What you should do: An exact copy of the listing is required, with its pictures removed.
##### Information shown #####
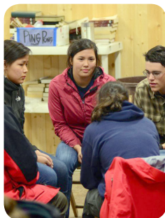
August : CYAK Prayer and Planning Retreat
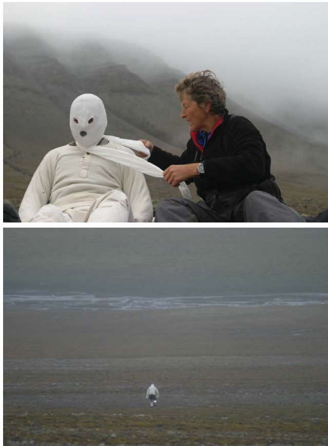
FIGURE 2. Lead author disguised as a polar bear approaching a group of Svalbard reindeer. Limited supplies of white clothing left the back of the observer uncovered.

displacement distance by the reindeer after taking flight. All response distances were measured with laser monoculars (Leica Rangemaster 1200 Scan; 1 m accuracy at 1000–1200 m).
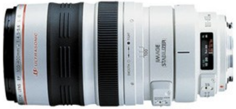
ZOOM EF 100-400mm f/4.5-5.6L IS USM
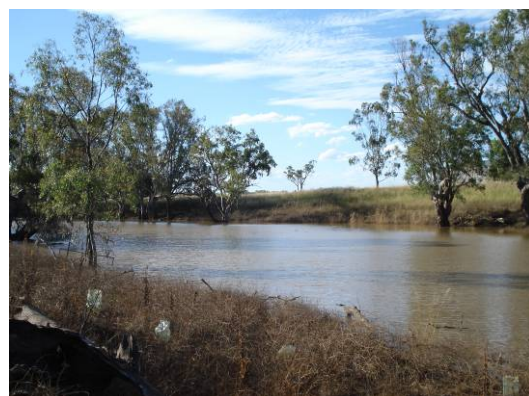
Cultural surveying workshops will be held along the Namoi demonstration reach, and may include priority sites such as Gulligal Lagoon (above).
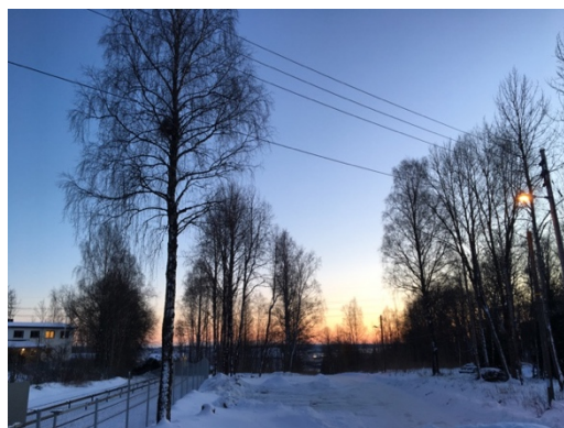
Sunset at my hall

There are many orientation activities held by BI in the first month, like joining city tour, learning some basic Norwegian, going ice skating for free and having night party. I joined most of them with my friends. I knew more about Oslo little by little through these events.
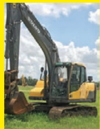
2013 VOLVO EC140DL SN:DC00210252 powered by diesel engine, 106.5hp, equipped with Cab, air, heat, auxiliary hydraulics, digging bucket, long undercarriage.
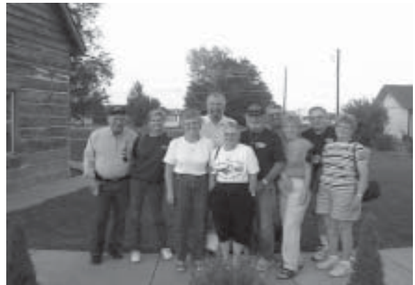
Most of the gang that came "up the hill" stayed the night and we found a great small Italian restaurant. Do we look well satisfied?
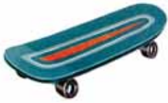
1. a skateboard
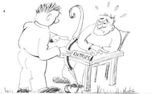
Do you have a Recurve Unlimited Division?

Red: The second scoring colour on the Indoor/Outdoor target face, starting at the centre of the target.
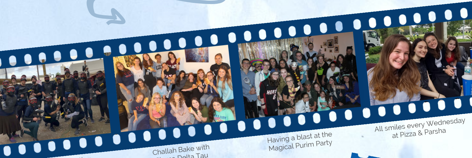
Paintball Shooting with the NSJew Crew
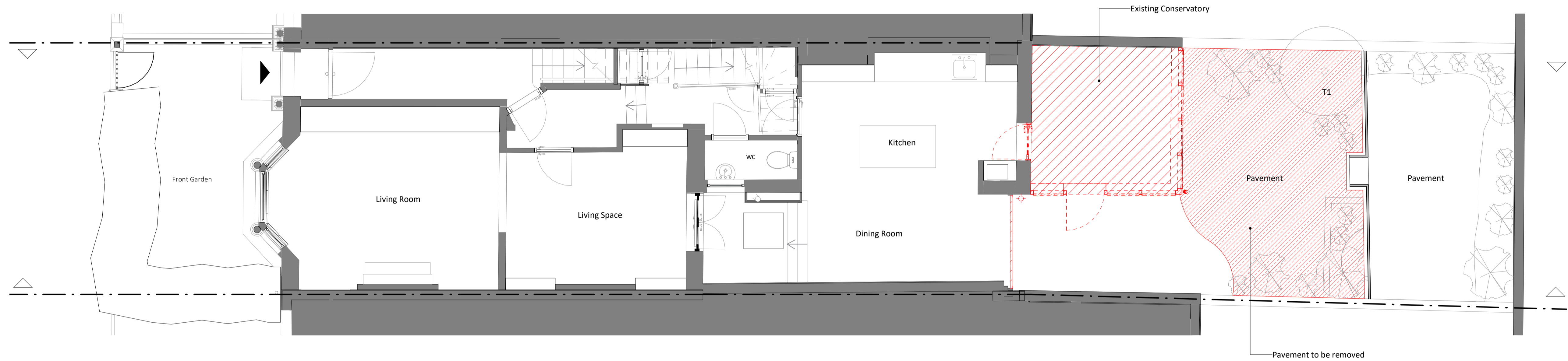
2 Ground Floor 1:50
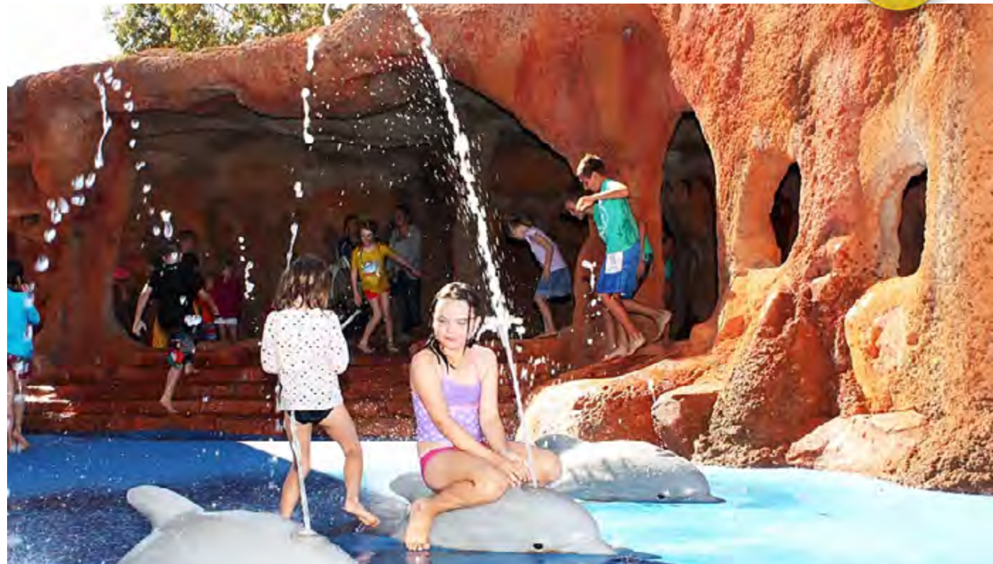
Whale Tail Custom Sculpture - Rear View

A permanent, cyclone rated curved shade structure ensure year-round access to the play area which is also fitted with coloured LED lighting.
#####
Reply to the task:
August : CYAK Prayer and Planning Retreat
FIGURE 2. Lead author disguised as a polar bear approaching a group of Svalbard reindeer. Limited supplies of white clothing left the back of the observer uncovered.

displacement distance by the reindeer after taking flight. All response distances were measured with laser monoculars (Leica Rangemaster 1200 Scan; 1 m accuracy at 1000–1200 m).
ZOOM EF 100-400mm f/4.5-5.6L IS USM
Cultural surveying workshops will be held along the Namoi demonstration reach, and may include priority sites such as Gulligal Lagoon (above).
Sunset at my hall

There are many orientation activities held by BI in the first month, like joining city tour, learning some basic Norwegian, going ice skating for free and having night party. I joined most of them with my friends. I knew more about Oslo little by little through these events.
2013 VOLVO EC140DL SN:DC00210252 powered by diesel engine, 106.5hp, equipped with Cab, air, heat, auxiliary hydraulics, digging bucket, long undercarriage.
Most of the gang that came "up the hill" stayed the night and we found a great small Italian restaurant. Do we look well satisfied?
1. a skateboard
Do you have a Recurve Unlimited Division?

Red: The second scoring colour on the Indoor/Outdoor target face, starting at the centre of the target.
Paintball Shooting with the NSJew Crew
2 Ground Floor 1:50
Whale Tail Custom Sculpture - Rear View

A permanent, cyclone rated curved shade structure ensure year-round access to the play area which is also fitted with coloured LED lighting.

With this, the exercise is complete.